The entries below contain pictures, which are to be left out; write out exactly, and only, the lines from the line with "- Sevimli ay" up to and including the line with "Apportez une touche".
*** Exercise data ***
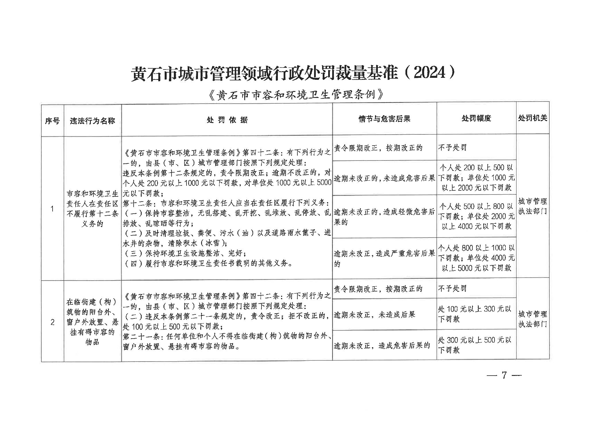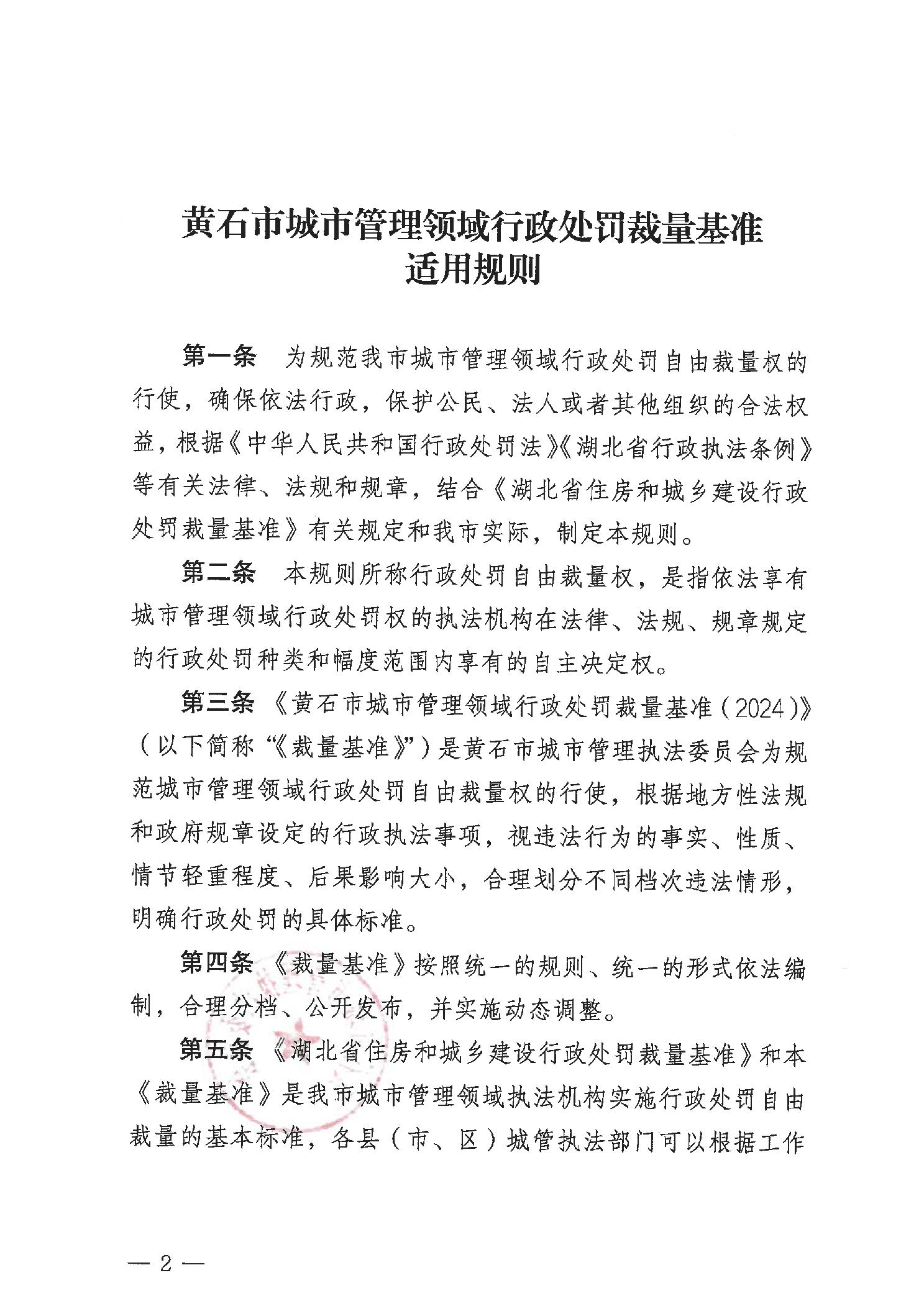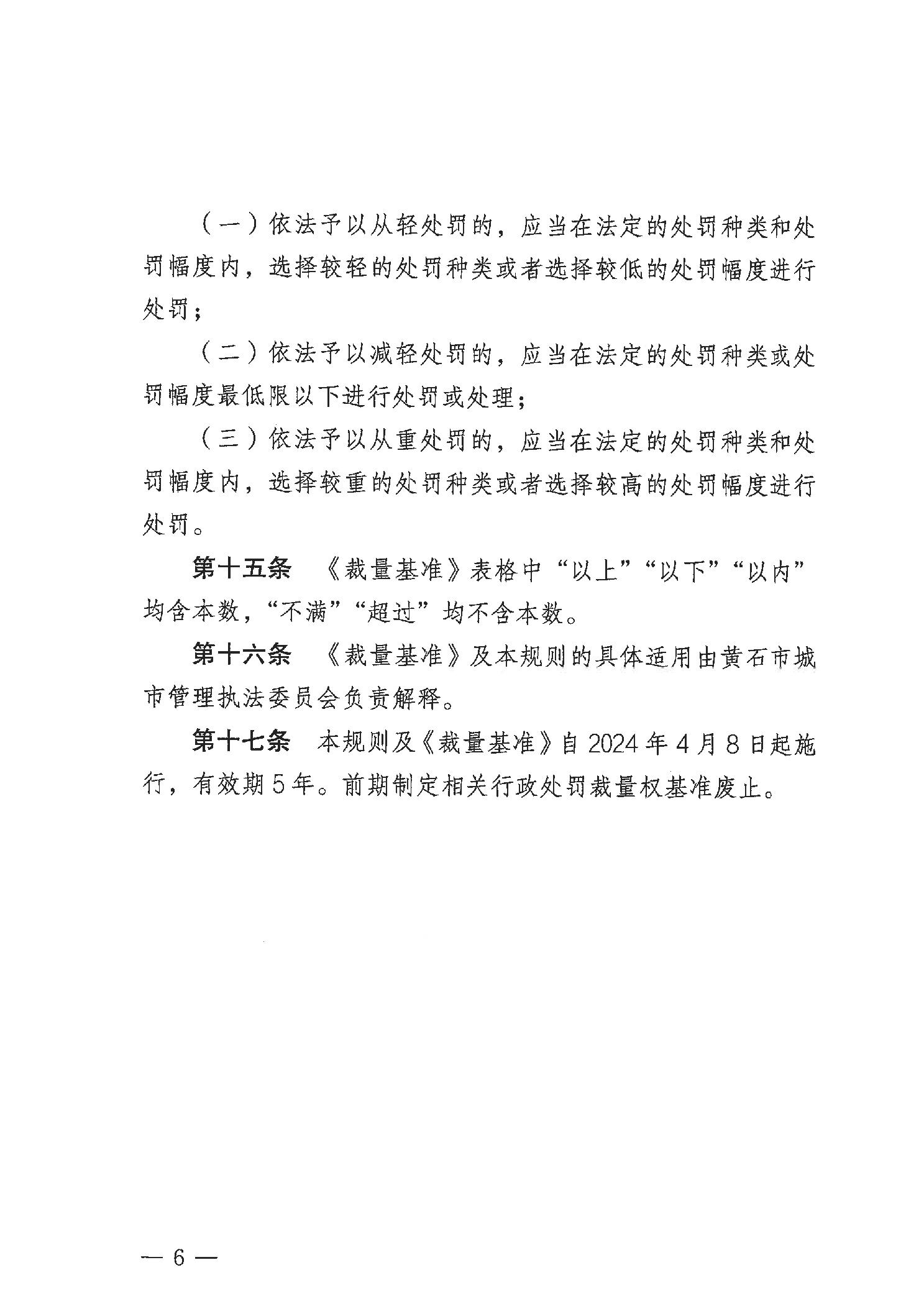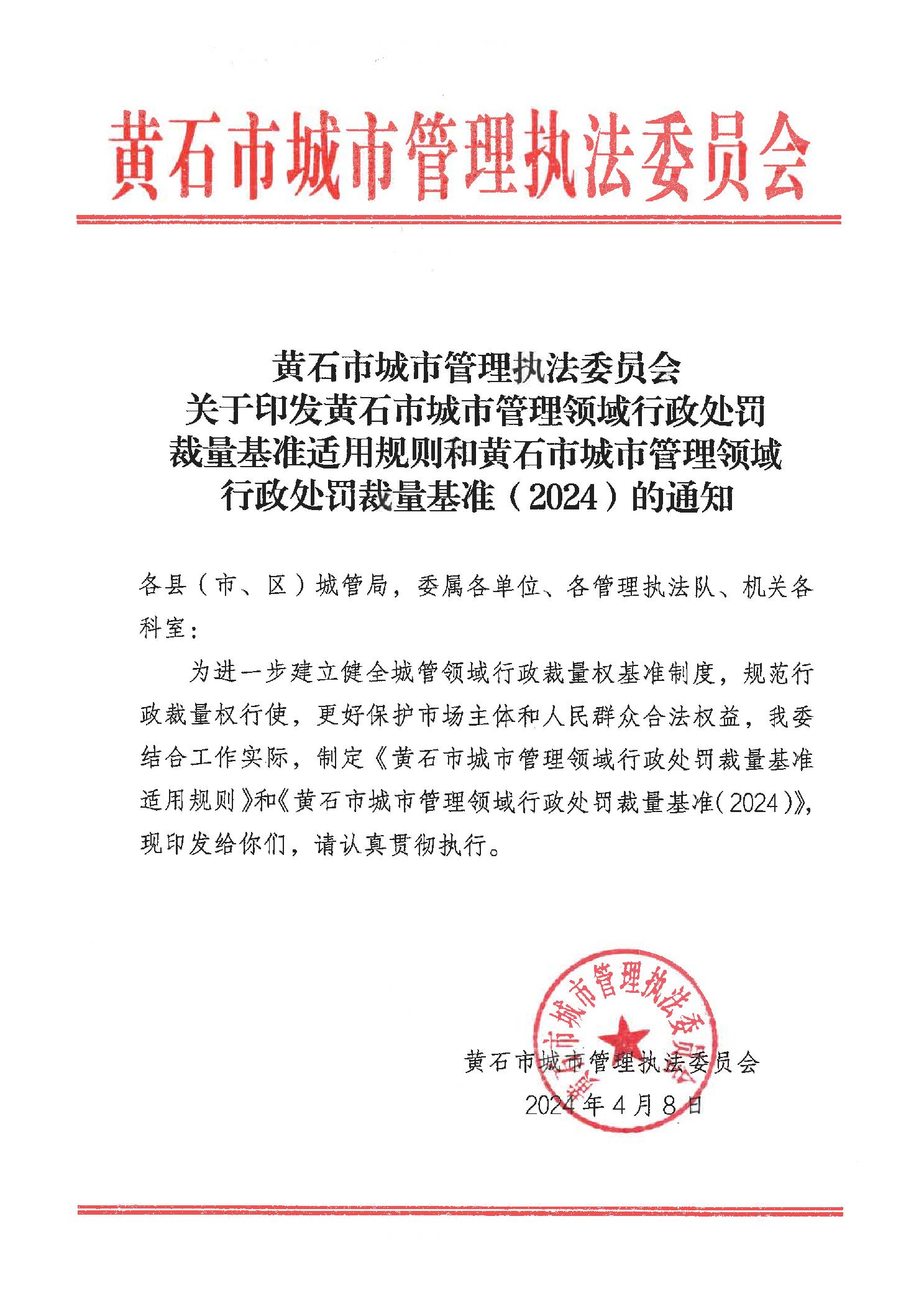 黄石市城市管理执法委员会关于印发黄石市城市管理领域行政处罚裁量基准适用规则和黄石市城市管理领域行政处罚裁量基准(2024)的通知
*** End of Exercise data ***
*** Exercise data ***
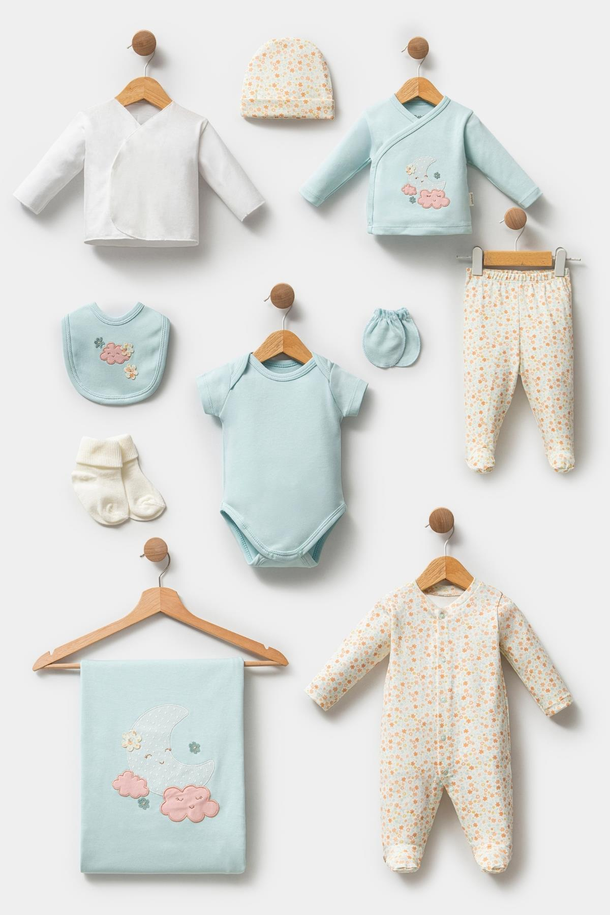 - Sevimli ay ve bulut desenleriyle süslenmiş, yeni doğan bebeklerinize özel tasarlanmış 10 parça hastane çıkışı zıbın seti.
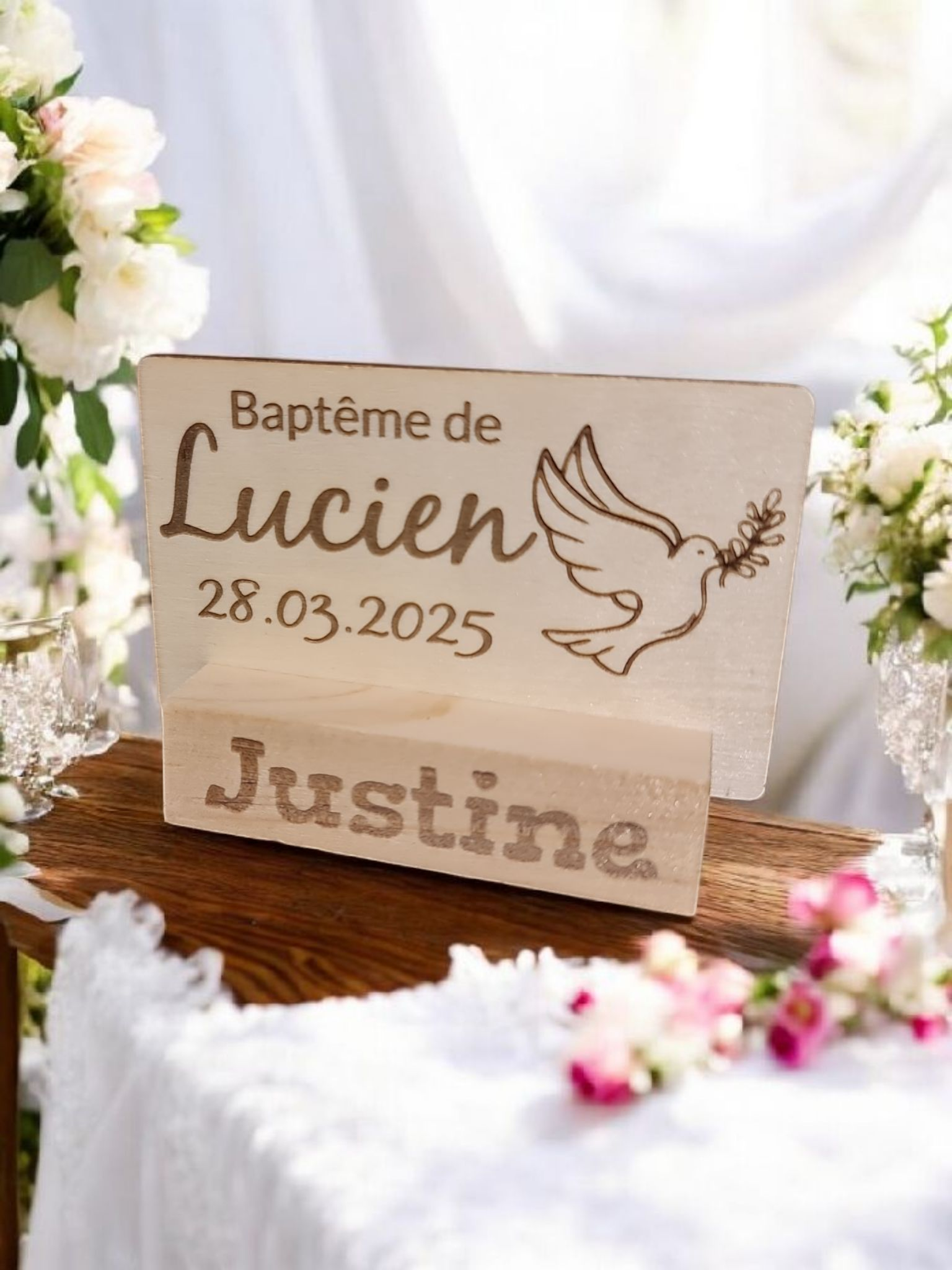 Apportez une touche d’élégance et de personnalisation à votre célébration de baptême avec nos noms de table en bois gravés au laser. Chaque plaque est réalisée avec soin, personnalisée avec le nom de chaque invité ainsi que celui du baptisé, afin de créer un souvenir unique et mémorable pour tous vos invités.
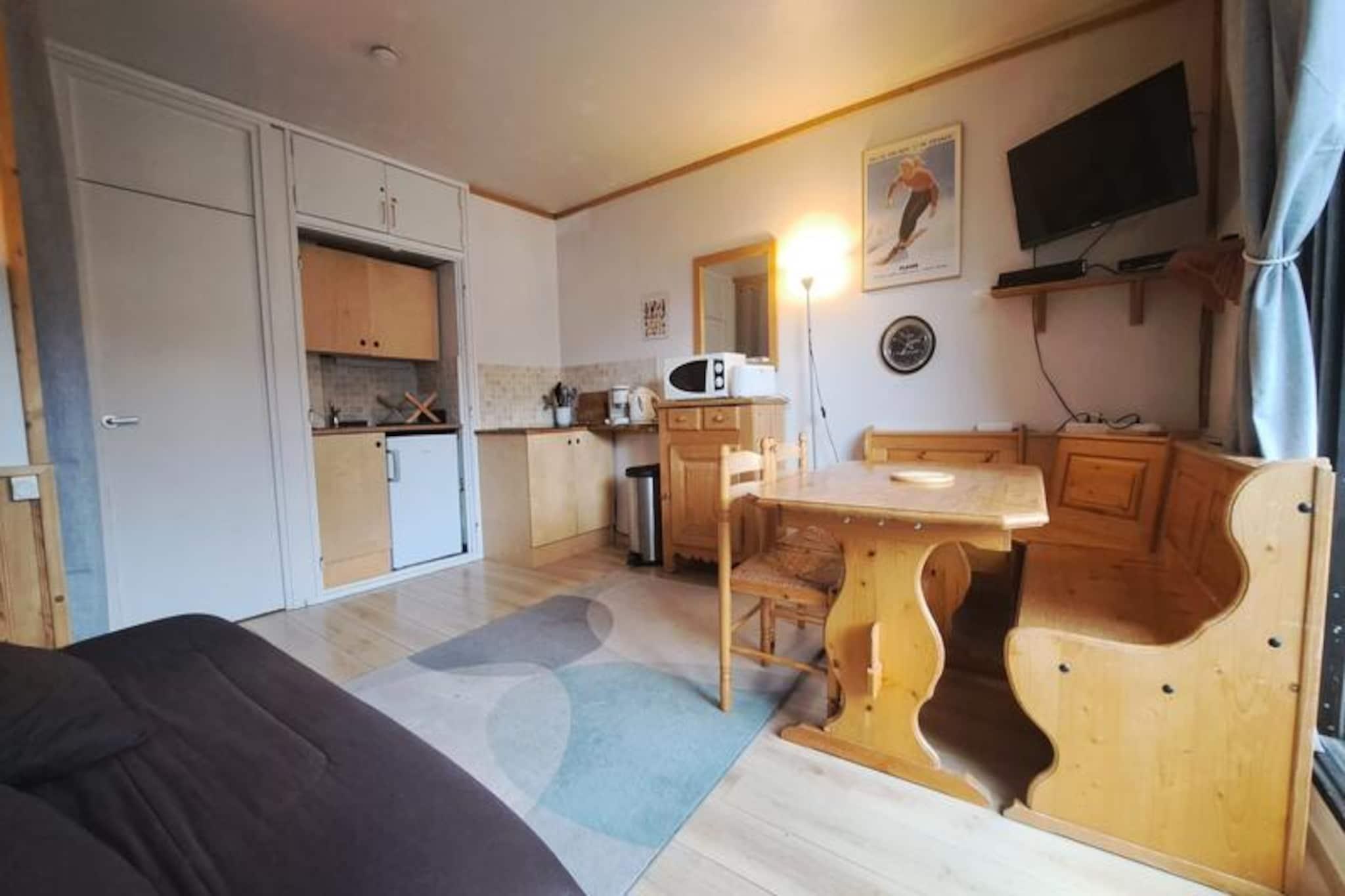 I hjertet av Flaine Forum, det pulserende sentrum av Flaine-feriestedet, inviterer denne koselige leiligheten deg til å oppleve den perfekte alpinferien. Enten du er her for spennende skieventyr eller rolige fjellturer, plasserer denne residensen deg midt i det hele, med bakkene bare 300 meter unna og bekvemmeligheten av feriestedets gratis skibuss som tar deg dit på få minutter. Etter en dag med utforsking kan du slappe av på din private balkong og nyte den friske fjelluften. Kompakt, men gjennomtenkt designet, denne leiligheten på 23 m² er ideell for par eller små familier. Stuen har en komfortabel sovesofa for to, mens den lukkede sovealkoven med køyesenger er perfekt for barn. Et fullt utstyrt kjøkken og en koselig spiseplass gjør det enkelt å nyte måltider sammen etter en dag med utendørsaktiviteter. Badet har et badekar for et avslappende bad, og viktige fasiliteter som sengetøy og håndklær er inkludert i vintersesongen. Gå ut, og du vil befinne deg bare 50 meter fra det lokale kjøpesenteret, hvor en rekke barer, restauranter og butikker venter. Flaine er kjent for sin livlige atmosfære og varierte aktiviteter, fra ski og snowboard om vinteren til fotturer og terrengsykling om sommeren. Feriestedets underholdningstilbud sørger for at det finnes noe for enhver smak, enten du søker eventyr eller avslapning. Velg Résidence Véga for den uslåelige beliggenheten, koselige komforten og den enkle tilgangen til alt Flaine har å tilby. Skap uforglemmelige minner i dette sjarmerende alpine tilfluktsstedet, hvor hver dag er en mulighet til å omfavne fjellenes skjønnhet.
*** End of Exercise data ***
Solved problem:
 - Sevimli ay ve bulut desenleriyle süslenmiş, yeni doğan bebeklerinize özel tasarlanmış 10 parça hastane çıkışı zıbın seti.
 Apportez une touche d’élégance et de personnalisation à votre célébration de baptême avec nos noms de table en bois gravés au laser. Chaque plaque est réalisée avec soin, personnalisée avec le nom de chaque invité ainsi que celui du baptisé, afin de créer un souvenir unique et mémorable pour tous vos invités.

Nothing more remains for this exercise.